The surprise appointment of former SAP CEO Léo Apotheker to the top spot at HP last month continues to generate controversy. In a letter to the New York Times Monday, HP's new chairman, Ray Lane, defended Apotheker against charges by Timescolumnist Joe Nocera that the hiring had more to do with getting back at Oracle (NASAQ: ORCL) for hiring HP's (NYSE: HPQ) former CEO Mark Hurd.
Nocera also tied Apotheker to a scandal involving an SAP subsidiary TomorrowNow in a case involving the theft of intellectual property from Oracle (via Oracle customers that became customers of TomorrowNow). A trial in that case, scheduled for next month, is expected to focus on damages since SAP (NASDAQ: SAP) has acknowledged the TomorrowNow subsidiary, since shut down, did illegally download certain Oracle assets.
"The facts are: TomorrowNow was never under Mr. Apotheker’s supervision. The conduct in question at TomorrowNow occurred before Mr. Apotheker became CEO of SAP. And, it was Mr. Apotheker who, as CEO of SAP, shut down TomorrowNow," Lane wrote in his letter.

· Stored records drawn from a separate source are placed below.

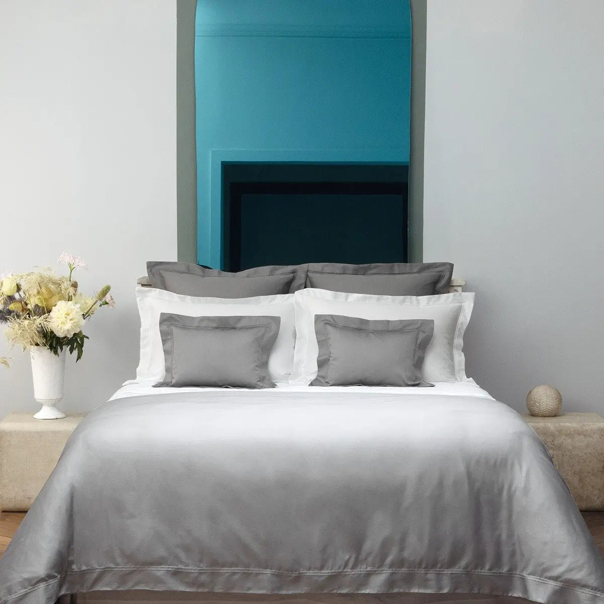 A refined platinum grey with a quiet glow. The Triomphe Platine collection by Yves Delorme is crafted from luminous cotton sateen whose silky surface enhances the subtle depth of colour.
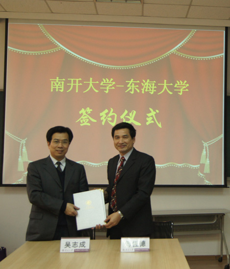 院长吴志成教授与东海大学社会科学学院院长宋兴洲教授签署了两院之间的合作协议。
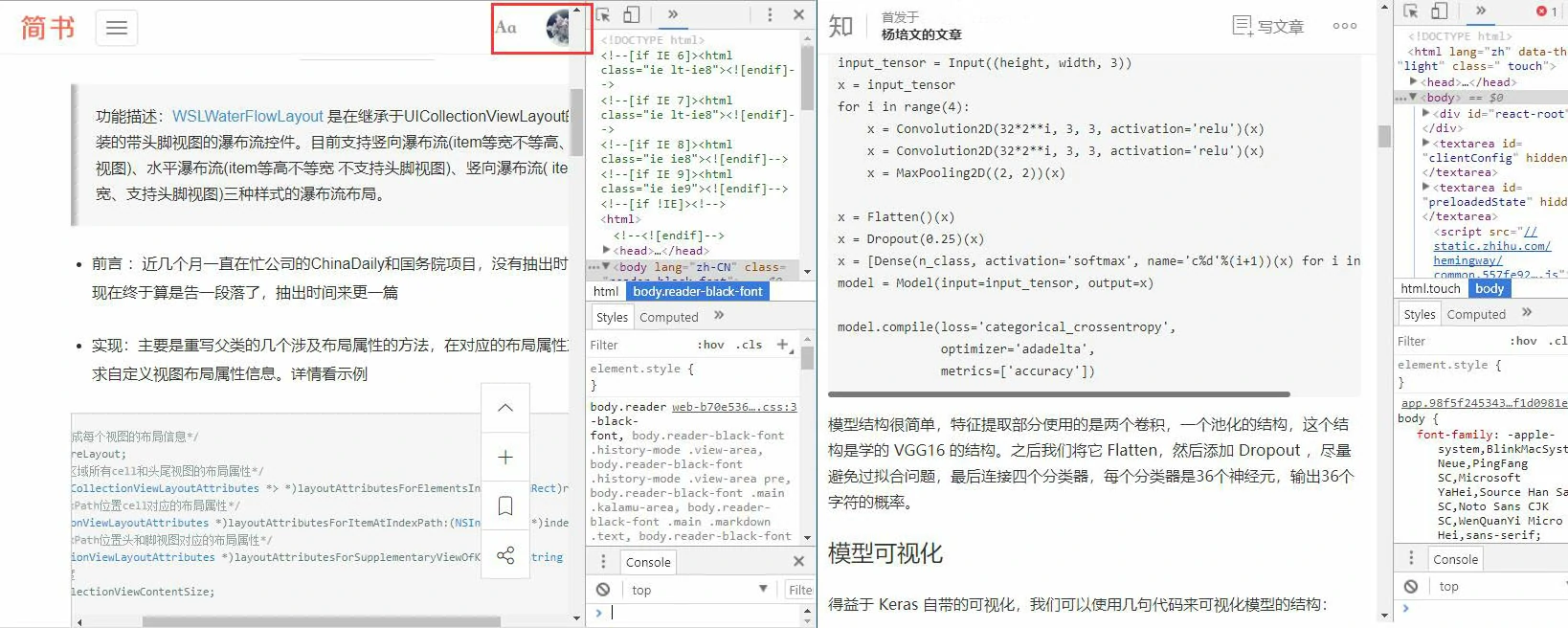 - 技术上,简书应该是使用了vue,知乎是完全react来构建的,响应式布局上知乎也是完全无缝对接,从下图就可见一斑,简书在界面变小的时候出现了下图中的问题,但是知乎没有
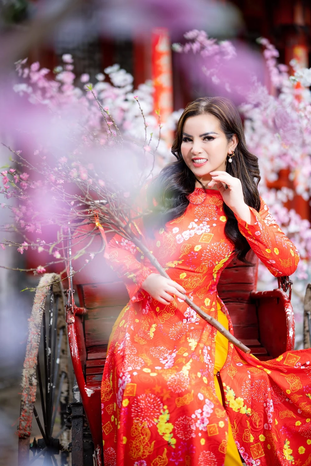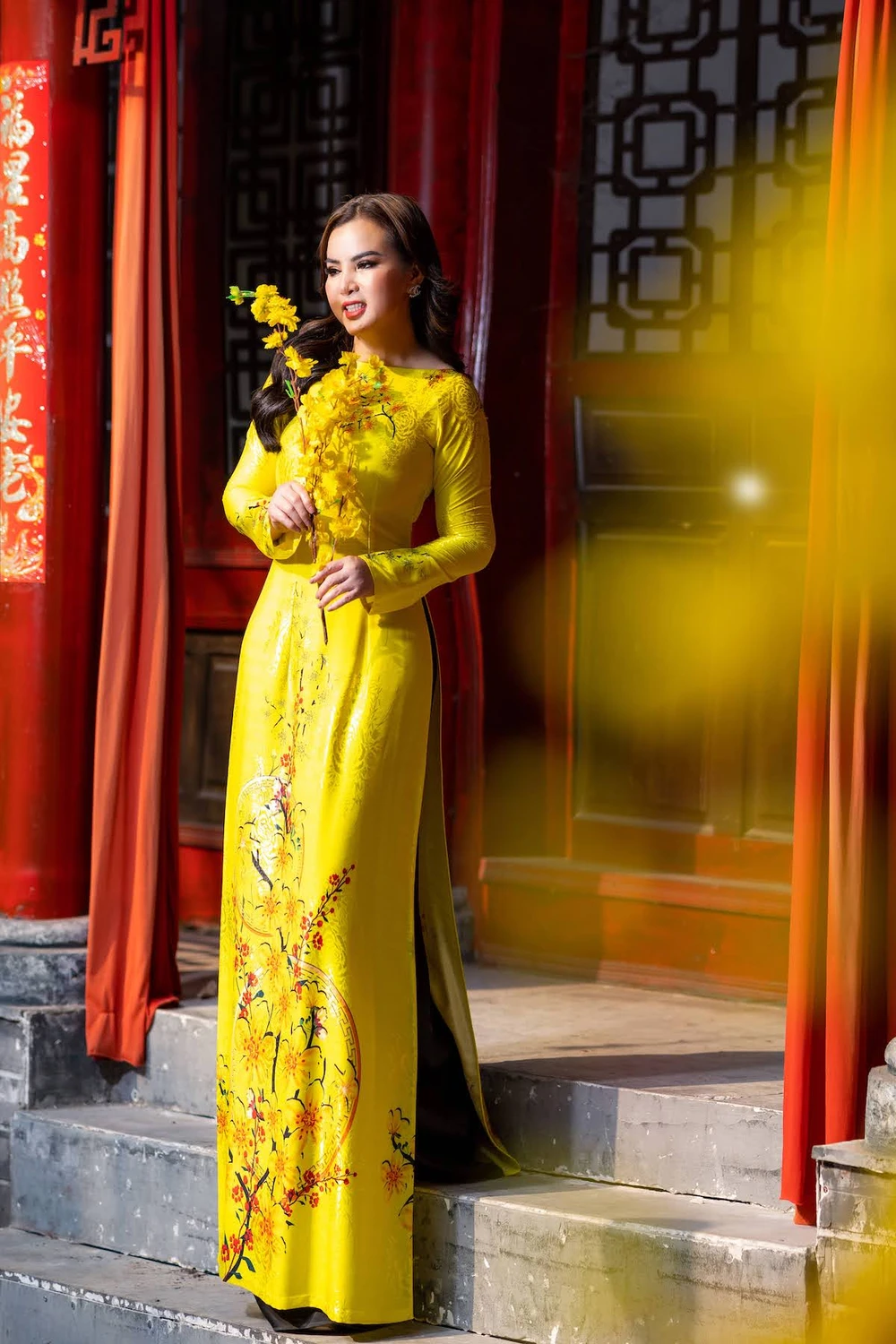 Hoa hậu vẫn kịp thực hiện một số hình ảnh ngập tràn sắc xuân. Ảnh: NVCC

Lane also addressed the fact that Oracle added Apotheker to the witness list in the case last Friday, even though the case has been brewing for years.
"It [Oracle] didn't even deem him relevant enough to the case to include him on a list of witnesses for trial -- until, that is, Mr. Apotheker was named CEO of HP and Oracle had other motives to try to tie him to the case," Lane said in his letter.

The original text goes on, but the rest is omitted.